▶ _What needs to be done_
When you reproduce the entries below, keep each one exact and drop any pictures.

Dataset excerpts
•••••
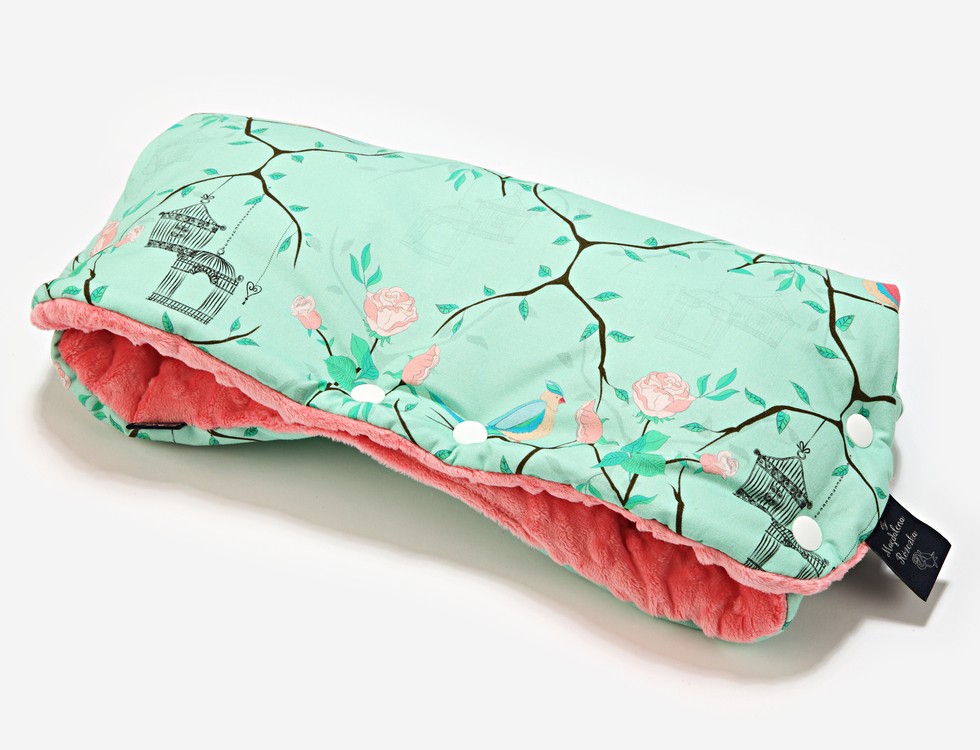 Mufka została wykonana z jednej strony z polarka minky (kolor koralowy) oraz z drugiej strony z bawełny wzór maggie rose mint. W środku umieszczono również impregnowany ortalion dzięki któremu mufka pozostanie sucha nawet w deszczowy dzień.
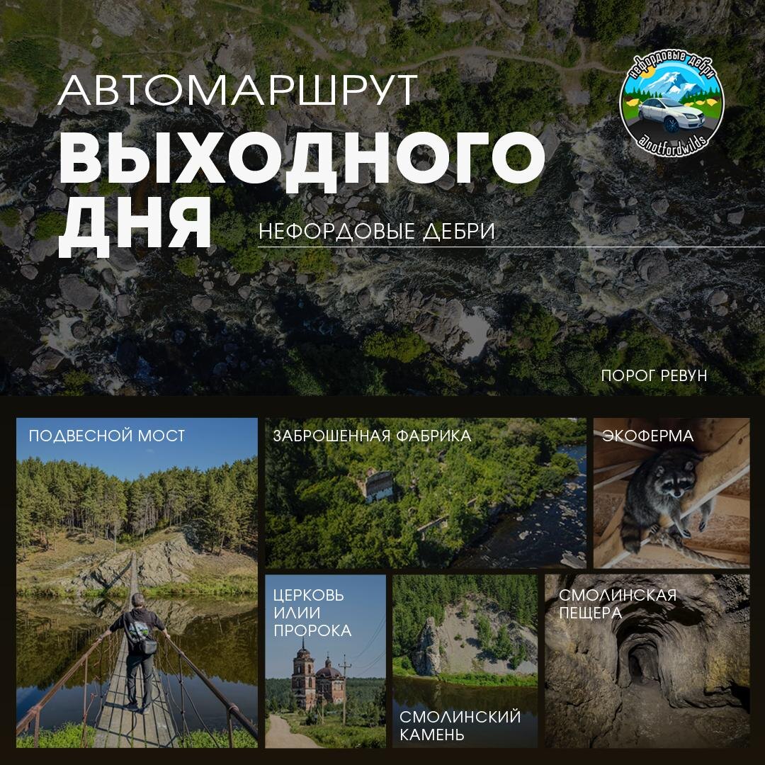 🚙 Автомаршрут выходного дня №1 Увлекательное путешествие, идеально подходящее для поездки с детьми и домашними питомцами по живописным местам. Подробные описания и координаты каждой локации доступны по ссылкам в отдельных постах. Вас ждет: 🇧🇼прогулка вдоль реки Исеть и знакомство с самым бурным порогом Свердловской области – Ревуном; 🇧🇼знакомство с милыми животными на экоферме «Славянское гнездо»; 🇧🇼исследование таинственной Смолинской пещеры, где вы почувствуйте себя спелеологом; 🇧🇼посещение заброшенной фабрики «Свободный труд» с её историческим шармом; 🇧🇼прикосновение к духовной красоте заброшенной церкви в селе Смолинском; 🇧🇼полюбуетесь живописным Смолинским камнем; 🇧🇼прогулка по старому подвесному мосту и сосновому бору. Маршрут можно адаптировать под ваши интересы и время. Вы сами выбираете, какие места посетить и в каком порядке. Уверен, каждый найдёт что-то интересное для себя! Делитесь своими впечатлениями и фотографиями после поездки! Поделись маршрутом с др
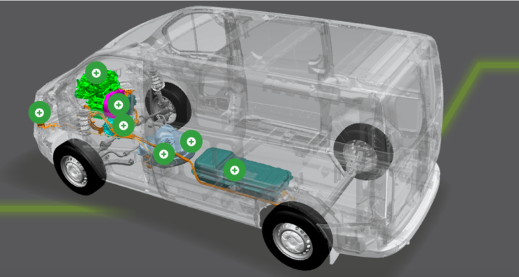 Drivningen sker med en elmotor via ett batteri på 13,6 kWh vilket möjliggör en rent elektrisk och därmed lokalt utsläppsfri räckvidd på upp till 50 kilometer, totalt är räckvidden 500 kilometer. Förbränningsmotorn är en bensindriven 1,0 liters EcoBoostmotor som fungerar som en räckviddsförlängare som laddar bilens Li-ion högspänningsbatteri under körning. Kombinationen av motorerna har ett vridmoment på 355 Nm och en effekt på 92 kW (126 hk).
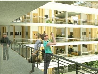 The corridor leading to residents studio unit are designed so it provides friendly and lively noninstitutional-like environment that encourage interaction between residents
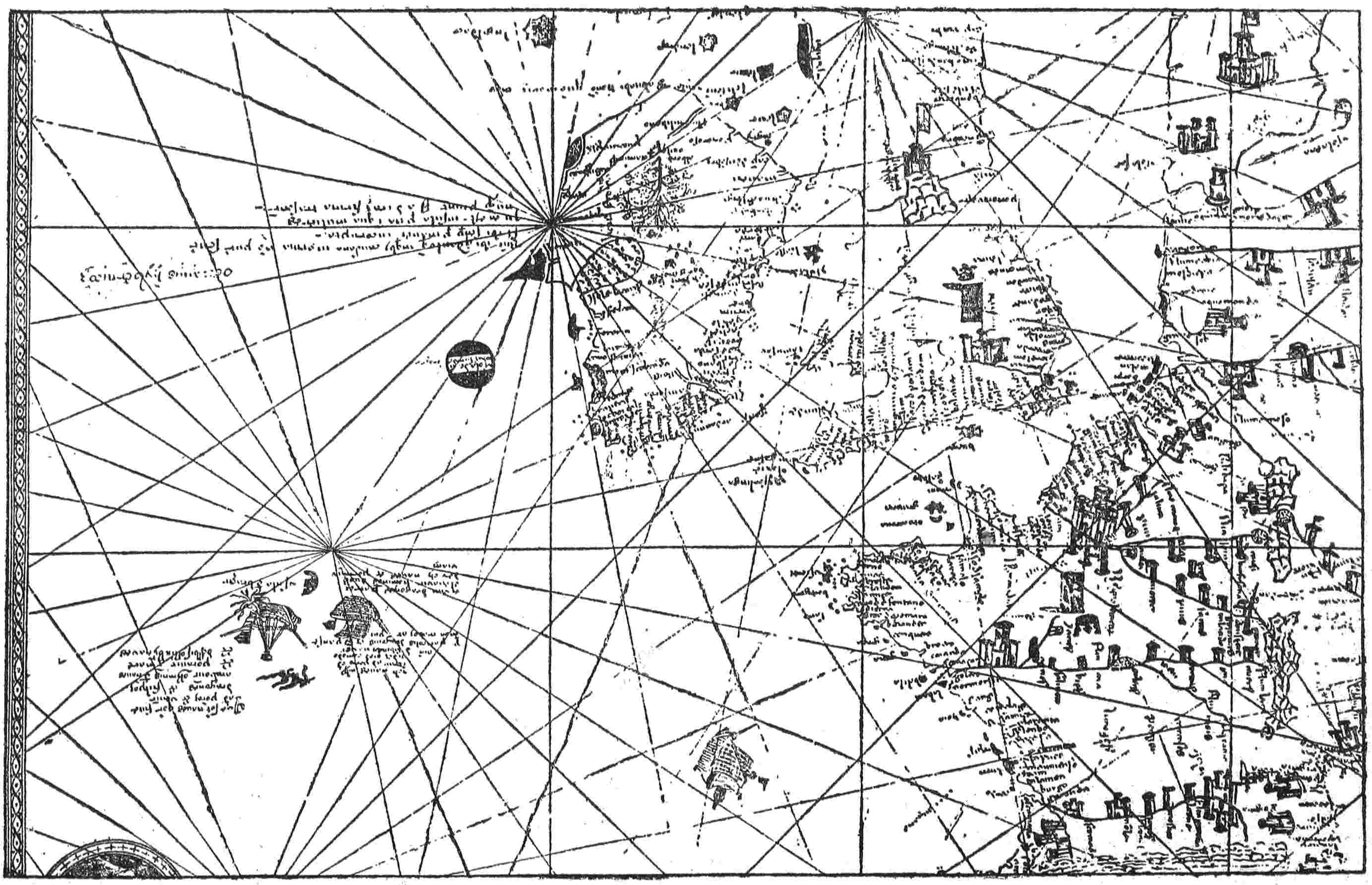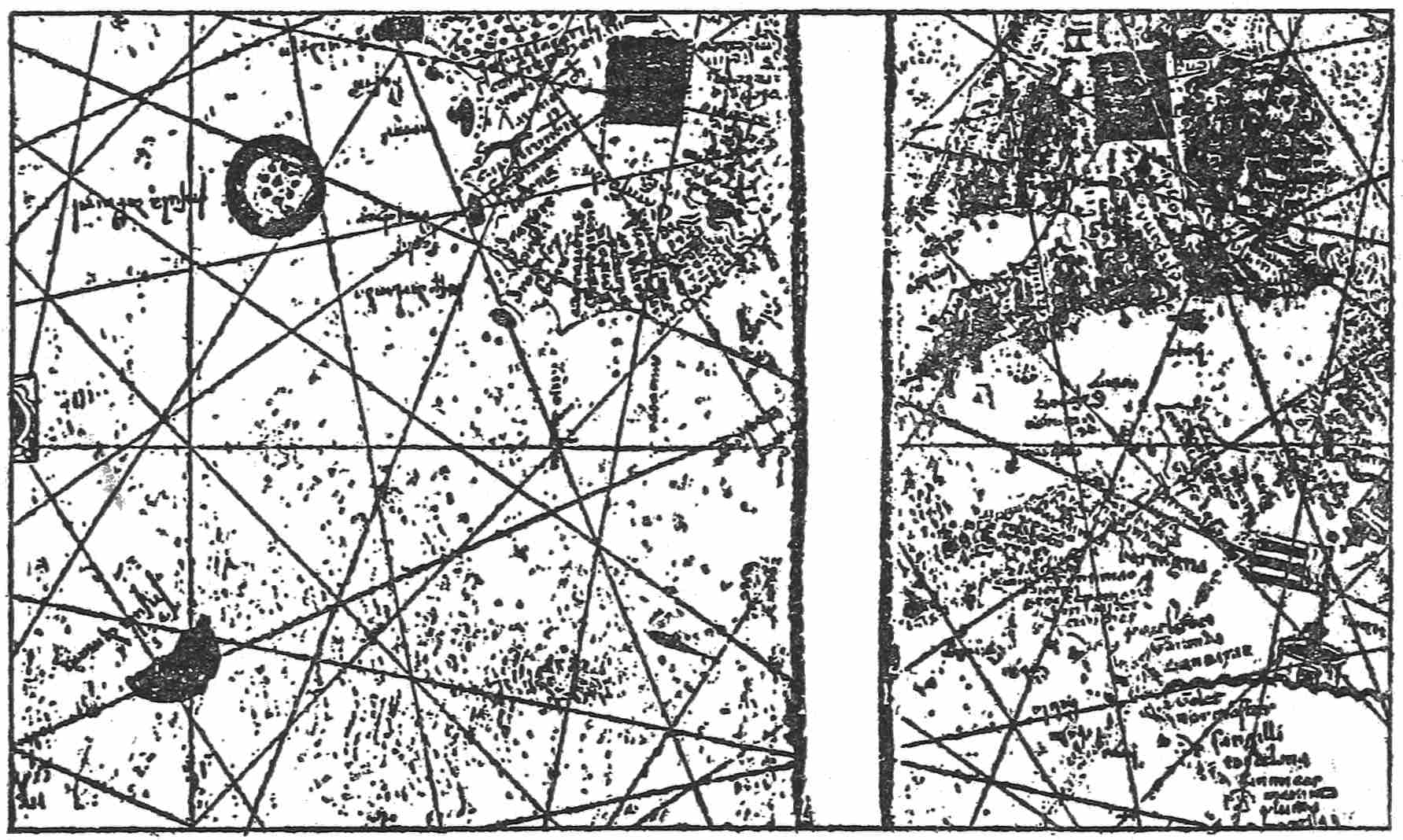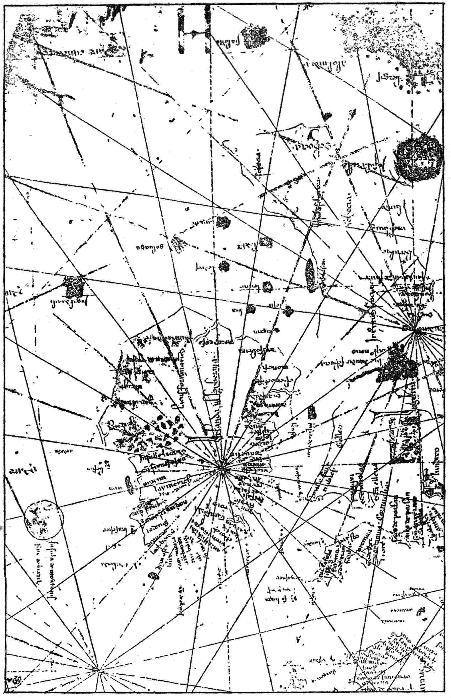 286 Gustavo Uzielli: Mappamondi, carte nautiche e portolani del medioevo e dei secoli delle grandi scoperte marittime construiti da italiani o trovati nelle biblioteche d’Italia, Part II (pp. 280–390) of “Studi Bibliografici e Biografici sulla Storia della Geografia in Italia,” published on the occasion of the Second International Geographical Congress, Paris, 1875, by the Società Geografica Italiana, Rome, 1875; reference on Pl. 8 (the second edition, Rome, 1882, does not contain the plates). Also Babcock, Early Norse Visits to North America, Pl. 4. See our Fig. 20.
•••••
▶ _Output below_
 Mufka została wykonana z jednej strony z polarka minky (kolor koralowy) oraz z drugiej strony z bawełny wzór maggie rose mint. W środku umieszczono również impregnowany ortalion dzięki któremu mufka pozostanie sucha nawet w deszczowy dzień.
 🚙 Автомаршрут выходного дня №1 Увлекательное путешествие, идеально подходящее для поездки с детьми и домашними питомцами по живописным местам. Подробные описания и координаты каждой локации доступны по ссылкам в отдельных постах. Вас ждет: 🇧🇼прогулка вдоль реки Исеть и знакомство с самым бурным порогом Свердловской области – Ревуном; 🇧🇼знакомство с милыми животными на экоферме «Славянское гнездо»; 🇧🇼исследование таинственной Смолинской пещеры, где вы почувствуйте себя спелеологом; 🇧🇼посещение заброшенной фабрики «Свободный труд» с её историческим шармом; 🇧🇼прикосновение к духовной красоте заброшенной церкви в селе Смолинском; 🇧🇼полюбуетесь живописным Смолинским камнем; 🇧🇼прогулка по старому подвесному мосту и сосновому бору. Маршрут можно адаптировать под ваши интересы и время. Вы сами выбираете, какие места посетить и в каком порядке. Уверен, каждый найдёт что-то интересное для себя! Делитесь своими впечатлениями и фотографиями после поездки! Поделись маршрутом с др
 Drivningen sker med en elmotor via ett batteri på 13,6 kWh vilket möjliggör en rent elektrisk och därmed lokalt utsläppsfri räckvidd på upp till 50 kilometer, totalt är räckvidden 500 kilometer. Förbränningsmotorn är en bensindriven 1,0 liters EcoBoostmotor som fungerar som en räckviddsförlängare som laddar bilens Li-ion högspänningsbatteri under körning. Kombinationen av motorerna har ett vridmoment på 355 Nm och en effekt på 92 kW (126 hk).
 The corridor leading to residents studio unit are designed so it provides friendly and lively noninstitutional-like environment that encourage interaction between residents
 286 Gustavo Uzielli: Mappamondi, carte nautiche e portolani del medioevo e dei secoli delle grandi scoperte marittime construiti da italiani o trovati nelle biblioteche d’Italia, Part II (pp. 280–390) of “Studi Bibliografici e Biografici sulla Storia della Geografia in Italia,” published on the occasion of the Second International Geographical Congress, Paris, 1875, by the Società Geografica Italiana, Rome, 1875; reference on Pl. 8 (the second edition, Rome, 1882, does not contain the plates). Also Babcock, Early Norse Visits to North America, Pl. 4. See our Fig. 20.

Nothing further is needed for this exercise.